Aimoni C, Ciorba A, Cerritelli L, Ceruti S, Skarżyński P H, Hatzopoulos S
Clinic of Audiology & ENT, University of Ferrara, Italy.
Clinic of Audiology & ENT, University of Ferrara, Italy.
Int J Pediatr Otorhinolaryngol. 2017 Oct;101:254-258. doi: 10.1016/j.ijporl.2017.07.042. Epub 2017 Jul 29.
Enlarged Vestibular Aqueduct (EVA) is one of the most common congenital malformations associated with sensorineural or mixed hearing loss. The association between hearing loss and EVA is described in syndromic (i.e. Pendred Syndrome, BOR, Waardenburg) and non-syndromic disorders, as isolate or familiar mutations of the SLC26A4 gene. The audiological phenotype of the EVA syndrome is heterogeneous, the type and entity of hearing loss may vary and vertigo episodes might also be present.
The aim of this retrospective study was to describe the clinical and genetic features of a group of adolescent subjects presenting an EVA clinical profile, considering the presence of SLC26A4 gene mutations.
14 Caucasian patients were assessed (24 ears in total; 4 patients presented a monolateral EVA), 10 females and 4 males. Their age at the time of diagnosis was between 1 and 6 years (mean age 2.5 years). Subjects were assessed by an ENT microscopy evaluation with a complete audiometric assessment, CT & MRI scans and genetic tests for the evaluation of the pendrin gene mutations (SLC26A4).
Considering the presence of SLC26A4 mutations and thyroid function, we could identify three sub-groups of patients: group 1, non syndromic EVA (ns EVA, no SLC26A4 mutation and no thyroid dysfunction); group 2, EVA with DFNB4 (single SLC26A4 gene mutation and no thyroid dysfunction); group 3, EVA with Pendred Syndrome (two pathological mutation of SLC26A4 and thyromegaly with thyroid dysfunction). Patients of group 1 (ns-EVA) showed various degrees of hearing loss from mild (55%) to severe-profound (45%).
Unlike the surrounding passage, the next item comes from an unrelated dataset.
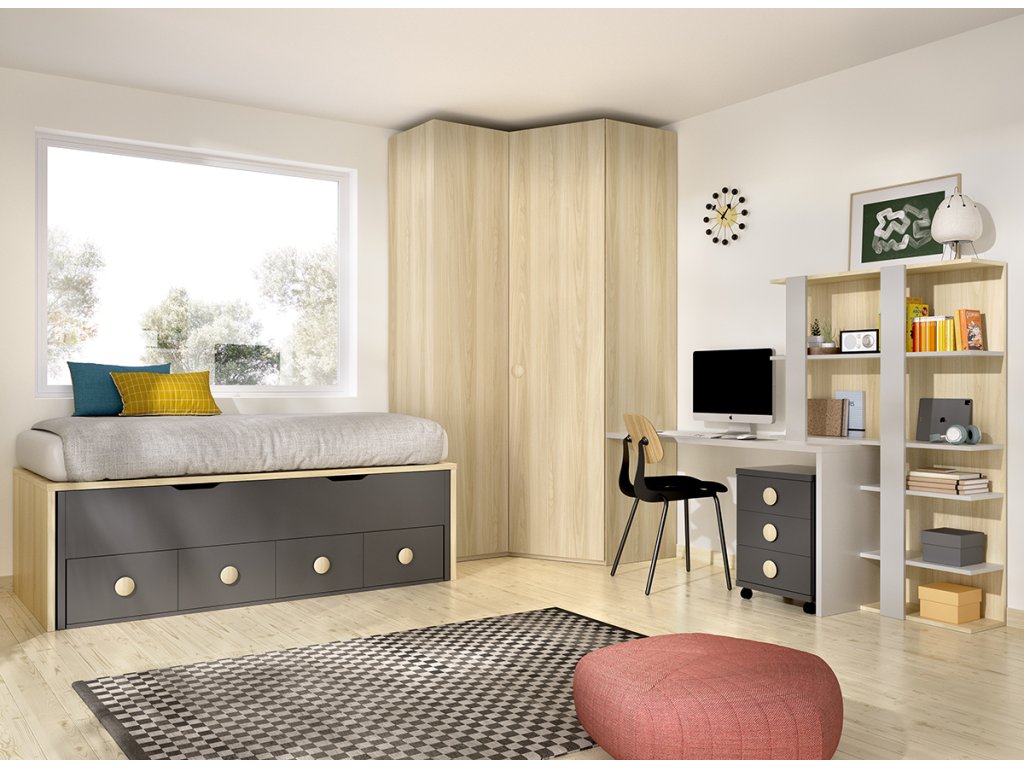 Studentský pokoj C117 nabízí praktické řešení rohové šatní skříně, na kterou navazuje psací stůl s mobilním kontejnerem a designovou knihovnou a vyšší postel s úložnými prostory a dalším výsuvným lůžkem.

In groups 2 (DFNB4) and 3 (PDS), the degree of hearing loss is severe to profound in 70-75% of the cases; middle and high frequencies are mainly involved.
The phenotypic expressions associated with the EVA clinical profile are heterogeneous. From the available data, it was not possible to identify a representative audiological profile, in any of the three sub-groups. The data suggest that: (i) a later onset of hearing loss is usually related to EVA, in absence of SLC26A4 gene mutations; and (ii) hearing loss is more severe in patients with SLC26A4 gene mutations (groups 2 and 3 of this study).
扩大的前庭导水管(EVA)是与感音神经性或混合性听力损失相关的最常见先天性畸形之一。听力损失与EVA之间的关联在综合征性疾病(如 Pendred 综合征、BOR、Waardenburg 综合征)和非综合征性疾病中均有描述,表现为 SLC26A4 基因的孤立或家族性突变。EVA 综合征的听力学表型具有异质性,听力损失的类型和程度可能不同,也可能出现眩晕发作。
本回顾性研究的目的是描述一组具有 EVA 临床特征的青少年受试者的临床和遗传特征,并考虑 SLC26A4 基因突变的存在情况。
评估了 14 名白种人患者(共 24 只耳;4 例为单侧 EVA),其中 10 名女性和 4 名男性。他们诊断时的年龄在 1 至 6 岁之间(平均年龄 2.5 岁)。通过耳鼻喉显微镜检查、全面的听力测定评估、CT 和 MRI 扫描以及用于评估 Pendrin 基因突变(SLC26A4)的基因检测对受试者进行评估。
考虑到 SLC26A4 突变的存在和甲状腺功能,我们可以将患者分为三个亚组:第 1 组,非综合征性 EVA(ns EVA,无 SLC26A4 突变且无甲状腺功能障碍);第 2 组,伴有 DFNB4 的 EVA(单个 SLC26A4 基因突变且无甲状腺功能障碍);第 3 组,伴有 Pendred 综合征的 EVA(SLC26A4 的两个病理性突变以及甲状腺肿大伴甲状腺功能障碍)。第 1 组(ns-EVA)患者表现出不同程度的听力损失,从轻度(55%)到重度至极重度(45%)。在第 2 组(DFNB4)和第 3 组(PDS)中,70-75%的病例听力损失程度为重度至极重度;主要累及中高频。
与 EVA 临床特征相关的表型表达具有异质性。根据现有数据,在这三个亚组中的任何一组中都无法确定具有代表性的听力学特征。数据表明:(i)在没有 SLC26A4 基因突变的情况下,听力损失较晚出现通常与 EVA 有关;(ii)SLC26A4 基因突变的患者(本研究的第 2 组和第 3 组)听力损失更严重。